(Extracted material Opens)

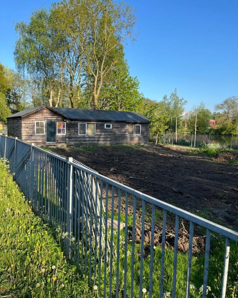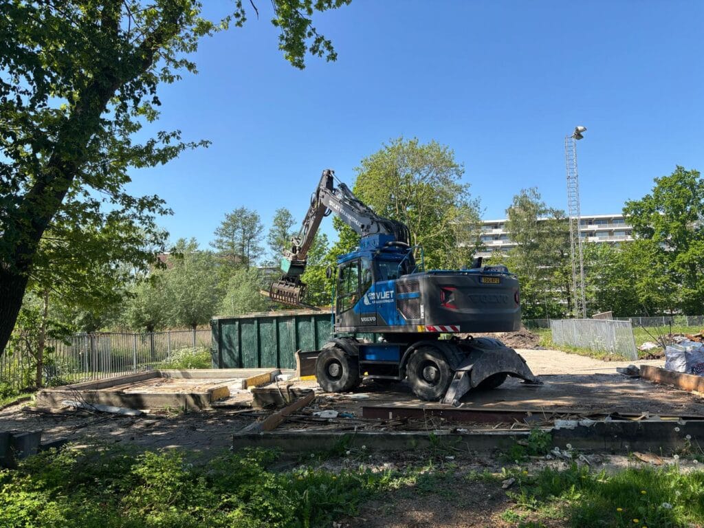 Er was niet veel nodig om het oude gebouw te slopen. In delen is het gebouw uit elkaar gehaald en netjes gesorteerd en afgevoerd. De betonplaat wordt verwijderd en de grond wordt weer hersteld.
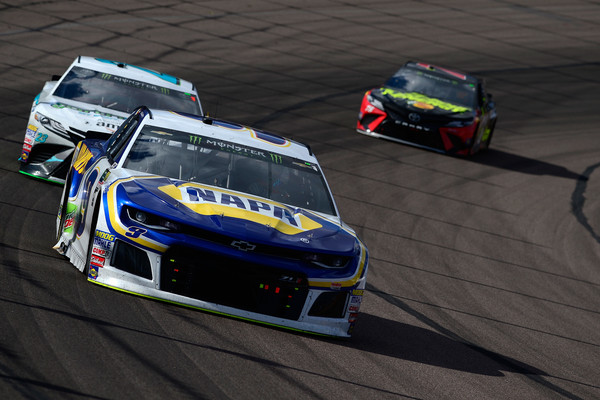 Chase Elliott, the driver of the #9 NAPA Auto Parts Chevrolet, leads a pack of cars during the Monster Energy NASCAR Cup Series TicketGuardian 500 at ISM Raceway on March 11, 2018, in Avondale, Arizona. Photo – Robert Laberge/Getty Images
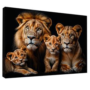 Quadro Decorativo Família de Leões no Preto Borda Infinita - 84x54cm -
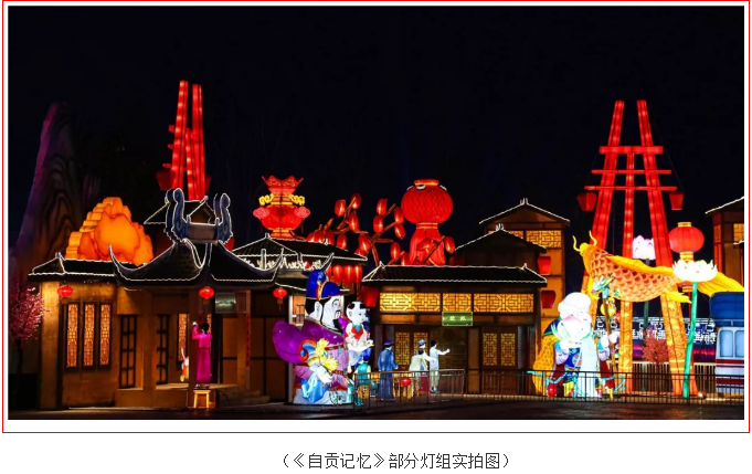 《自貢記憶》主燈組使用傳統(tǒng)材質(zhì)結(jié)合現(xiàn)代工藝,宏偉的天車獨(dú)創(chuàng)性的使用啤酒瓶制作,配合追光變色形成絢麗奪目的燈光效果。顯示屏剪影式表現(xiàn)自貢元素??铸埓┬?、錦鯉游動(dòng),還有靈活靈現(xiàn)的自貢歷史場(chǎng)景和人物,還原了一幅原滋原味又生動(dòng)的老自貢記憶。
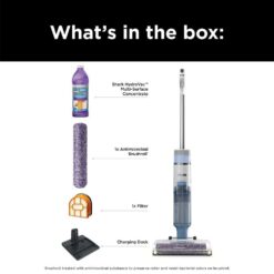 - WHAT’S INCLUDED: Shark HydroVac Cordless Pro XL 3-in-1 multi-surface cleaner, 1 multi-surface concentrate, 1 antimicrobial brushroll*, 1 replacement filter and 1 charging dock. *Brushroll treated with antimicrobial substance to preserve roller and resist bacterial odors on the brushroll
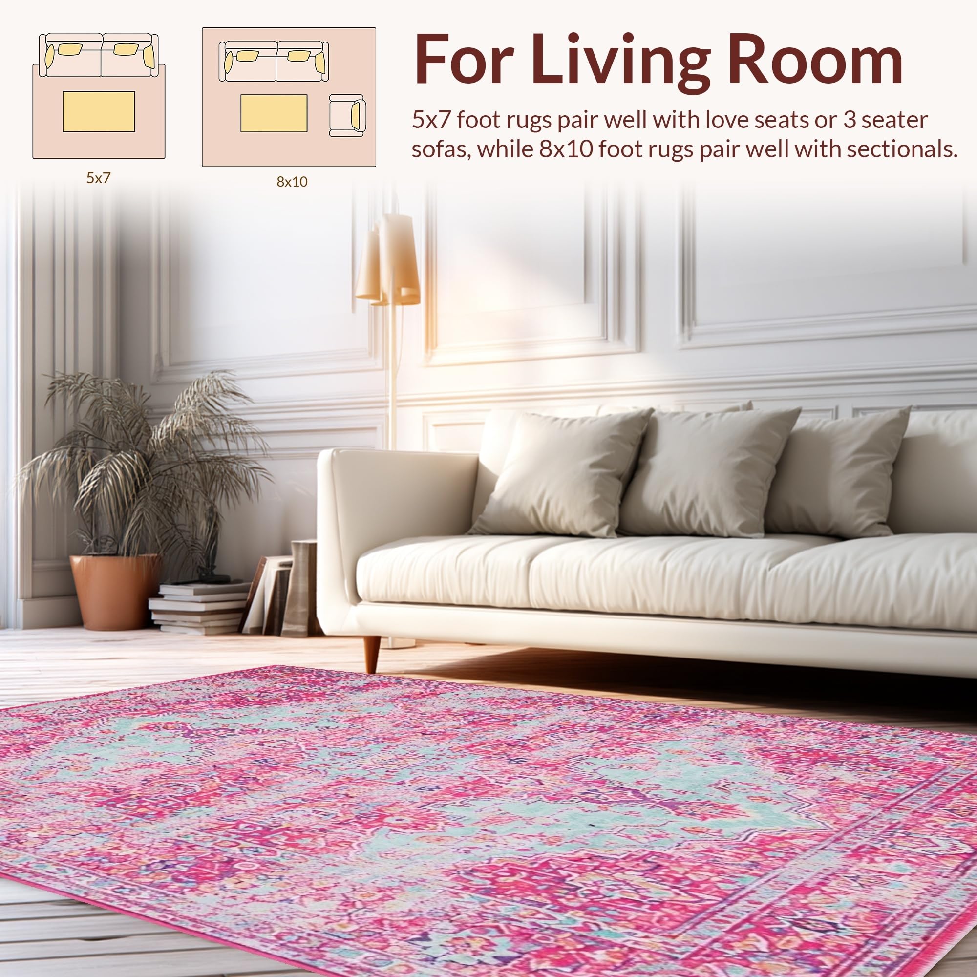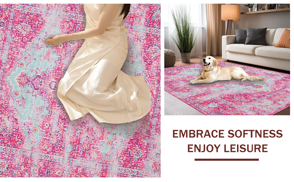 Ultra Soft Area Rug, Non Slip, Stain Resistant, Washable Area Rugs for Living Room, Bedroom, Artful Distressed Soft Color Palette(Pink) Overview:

(Extracted material Closes)

Brief - Print once more, exactly, the lines that start at the top of the records above and end at the line with "Quadro Decorativo Família", skipping all pictures.

Answer to the exercise -
 Er was niet veel nodig om het oude gebouw te slopen. In delen is het gebouw uit elkaar gehaald en netjes gesorteerd en afgevoerd. De betonplaat wordt verwijderd en de grond wordt weer hersteld.
 Chase Elliott, the driver of the #9 NAPA Auto Parts Chevrolet, leads a pack of cars during the Monster Energy NASCAR Cup Series TicketGuardian 500 at ISM Raceway on March 11, 2018, in Avondale, Arizona. Photo – Robert Laberge/Getty Images
 Quadro Decorativo Família de Leões no Preto Borda Infinita - 84x54cm -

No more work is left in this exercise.